# DATA EXTRACT:
● ● ● ●
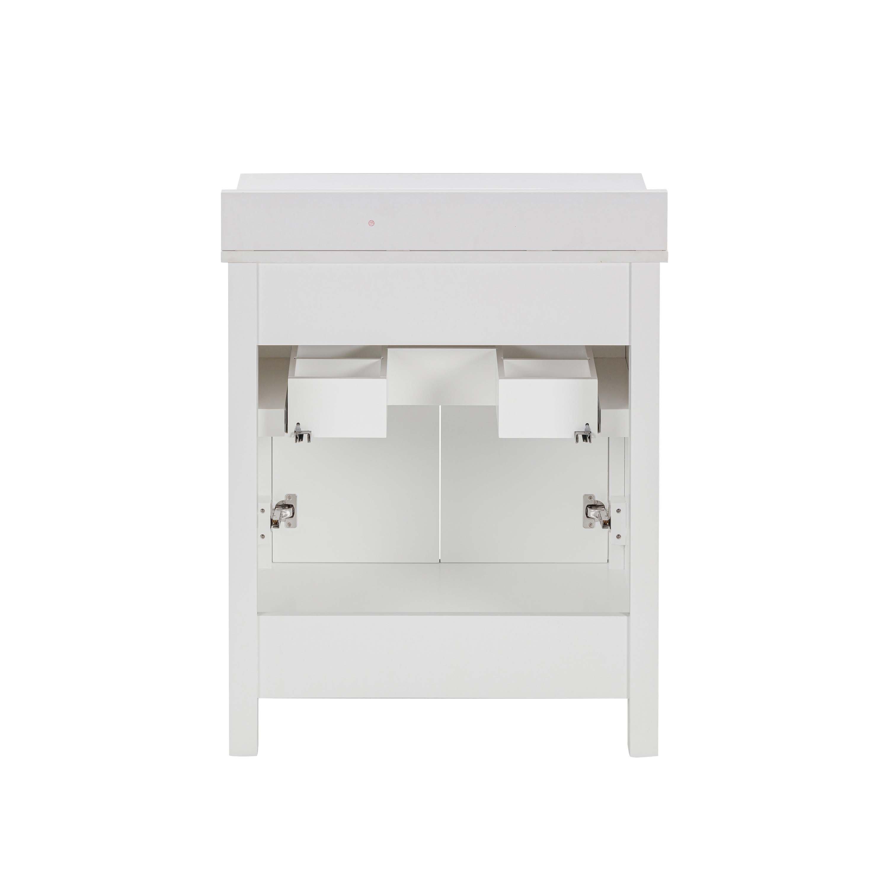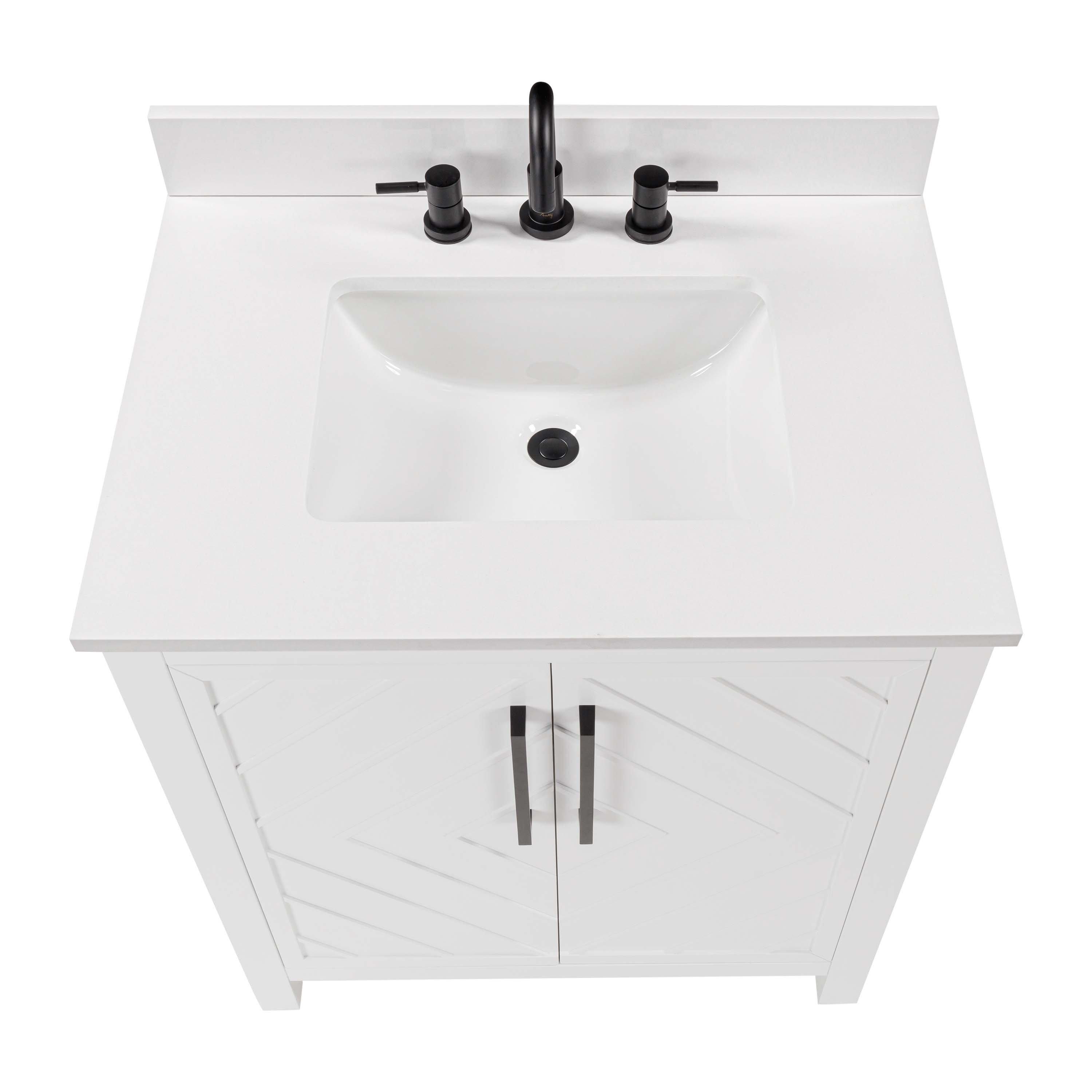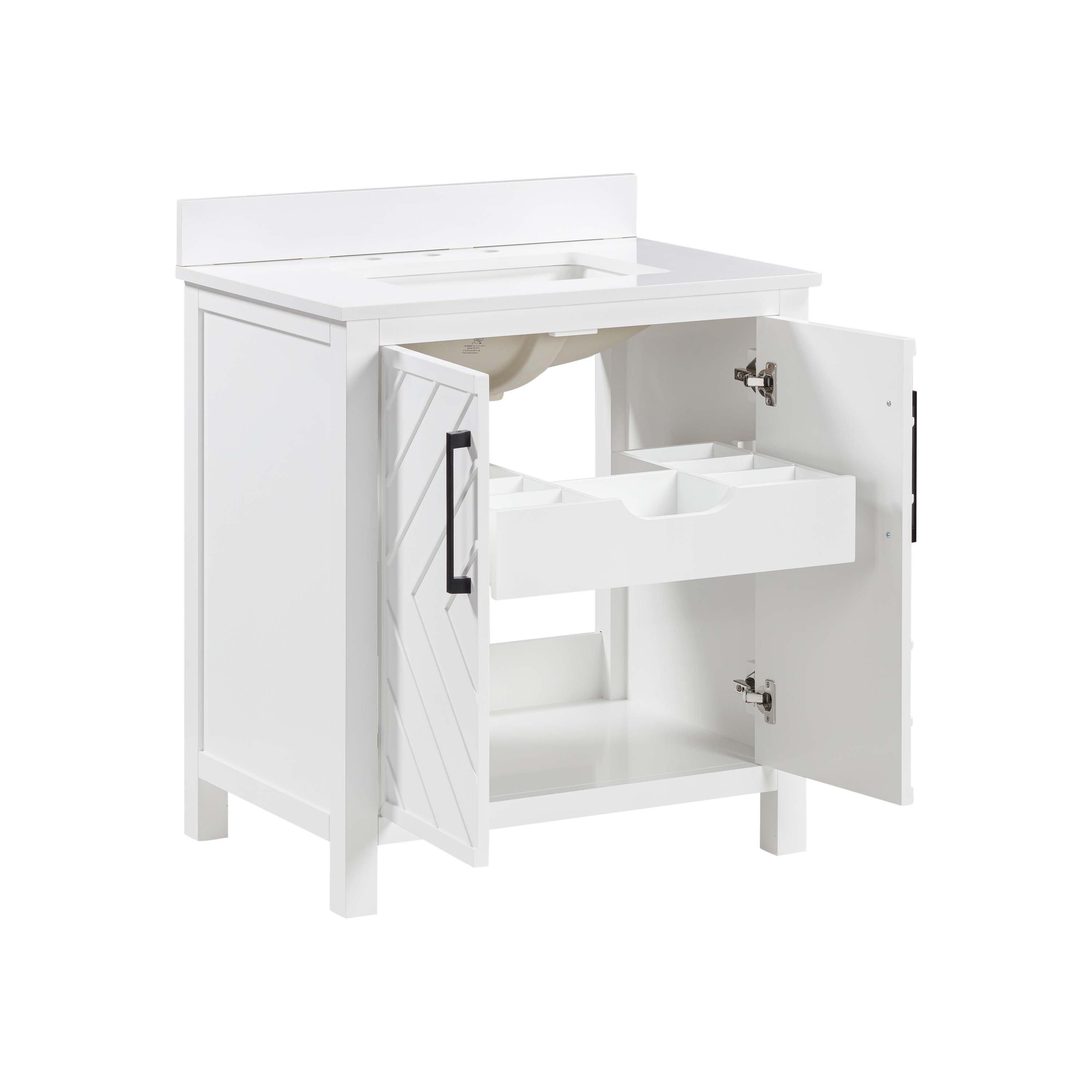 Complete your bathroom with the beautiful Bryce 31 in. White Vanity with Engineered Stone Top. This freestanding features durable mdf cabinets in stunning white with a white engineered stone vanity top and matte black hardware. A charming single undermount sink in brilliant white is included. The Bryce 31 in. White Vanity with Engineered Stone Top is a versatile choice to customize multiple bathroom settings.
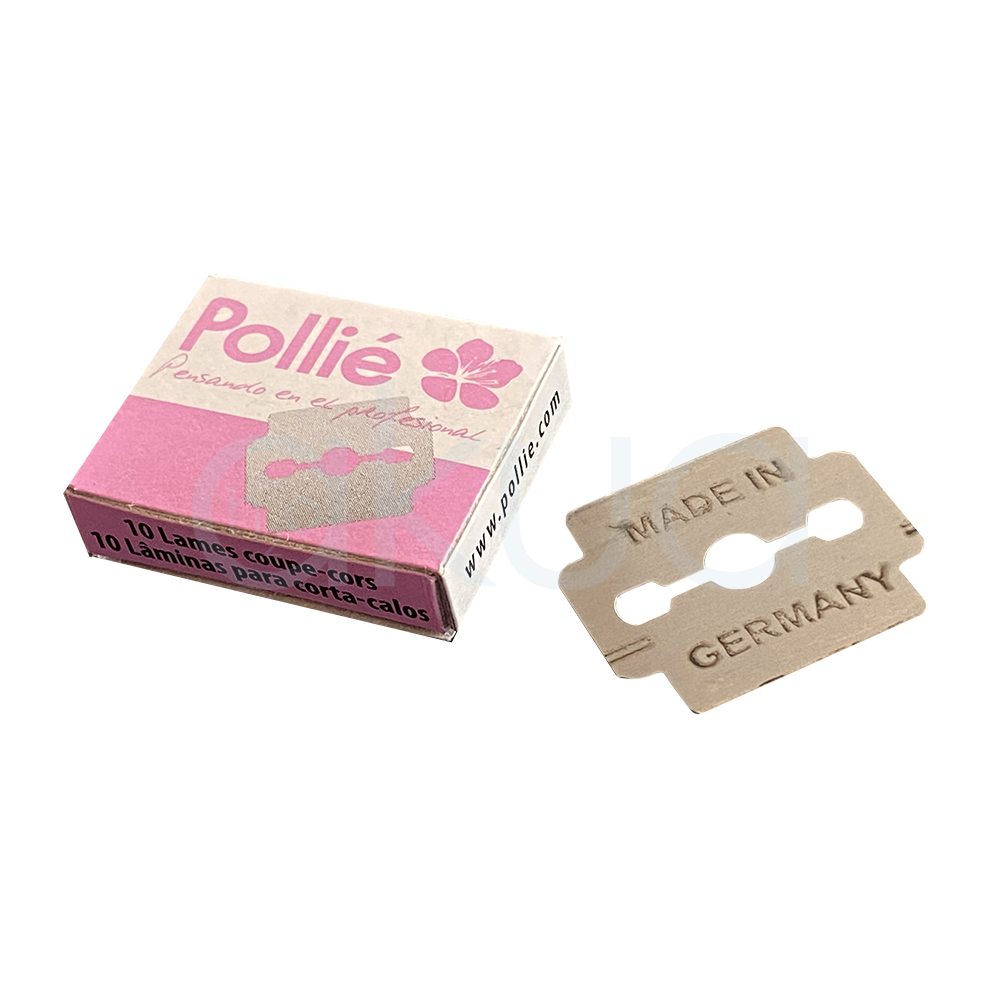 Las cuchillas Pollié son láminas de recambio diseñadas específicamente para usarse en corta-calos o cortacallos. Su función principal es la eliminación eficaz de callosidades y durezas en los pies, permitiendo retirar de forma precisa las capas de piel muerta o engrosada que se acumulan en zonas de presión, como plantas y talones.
● ● ● ●
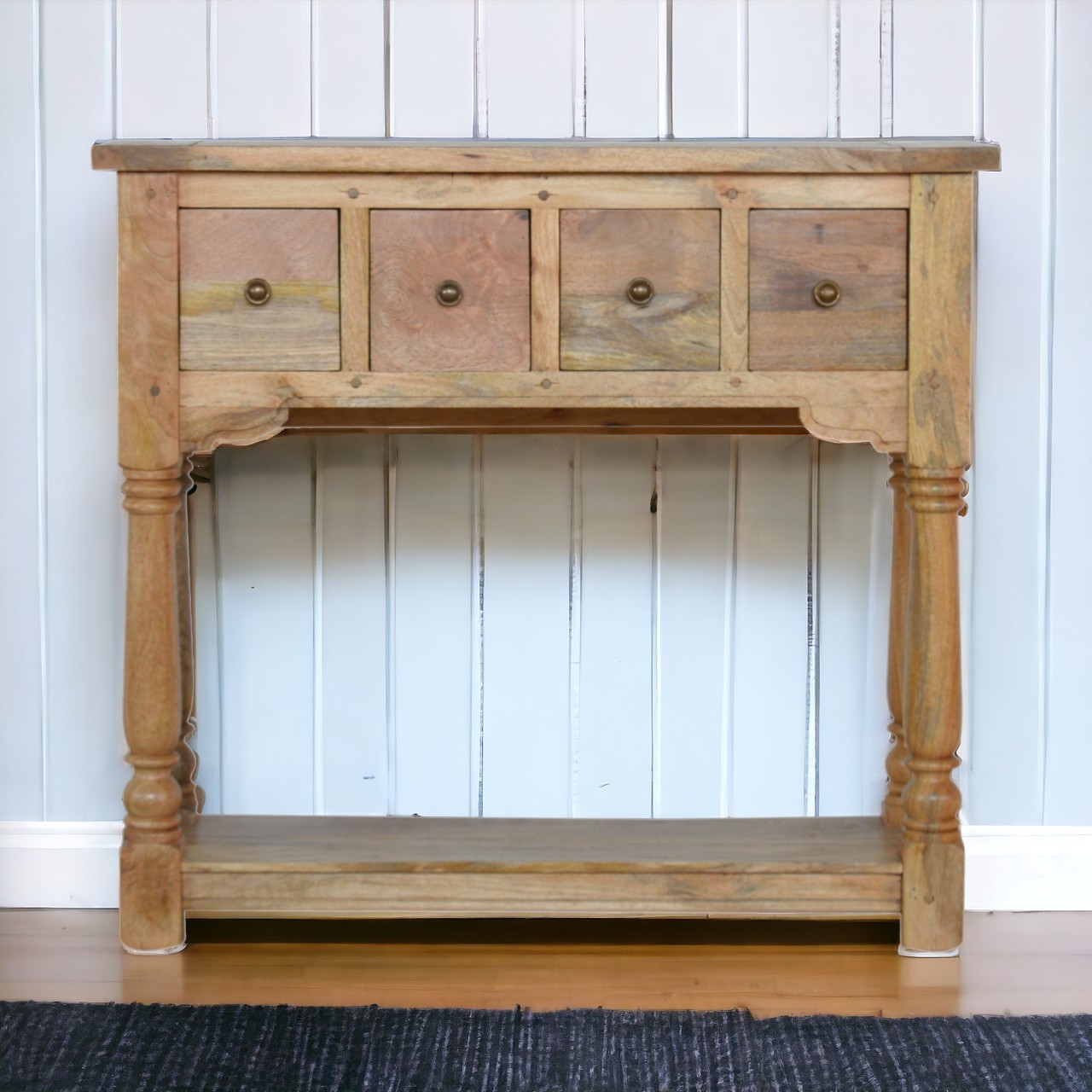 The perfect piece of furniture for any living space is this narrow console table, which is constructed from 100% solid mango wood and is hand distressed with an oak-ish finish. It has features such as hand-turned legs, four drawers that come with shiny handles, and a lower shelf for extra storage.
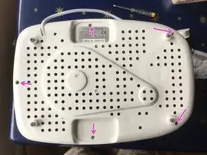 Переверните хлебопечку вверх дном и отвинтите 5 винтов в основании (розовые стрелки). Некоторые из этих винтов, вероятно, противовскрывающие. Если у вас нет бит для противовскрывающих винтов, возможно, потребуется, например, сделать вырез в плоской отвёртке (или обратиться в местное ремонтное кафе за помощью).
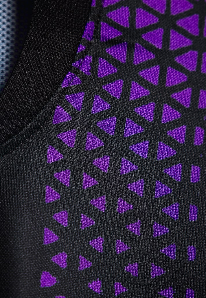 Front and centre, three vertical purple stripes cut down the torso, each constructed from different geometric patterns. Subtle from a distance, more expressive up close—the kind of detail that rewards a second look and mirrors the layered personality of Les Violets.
● ● ● ●
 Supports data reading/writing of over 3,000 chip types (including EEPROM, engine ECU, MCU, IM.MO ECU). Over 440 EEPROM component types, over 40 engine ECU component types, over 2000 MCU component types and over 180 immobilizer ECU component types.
● ● ● ●
Output exactly those lines of the data above that run from the line with "Переверните хлебопечку вверх" up to and including the line with "Front and centre, three". No pictures go in.

 Переверните хлебопечку вверх дном и отвинтите 5 винтов в основании (розовые стрелки). Некоторые из этих винтов, вероятно, противовскрывающие. Если у вас нет бит для противовскрывающих винтов, возможно, потребуется, например, сделать вырез в плоской отвёртке (или обратиться в местное ремонтное кафе за помощью).
 Front and centre, three vertical purple stripes cut down the torso, each constructed from different geometric patterns. Subtle from a distance, more expressive up close—the kind of detail that rewards a second look and mirrors the layered personality of Les Violets.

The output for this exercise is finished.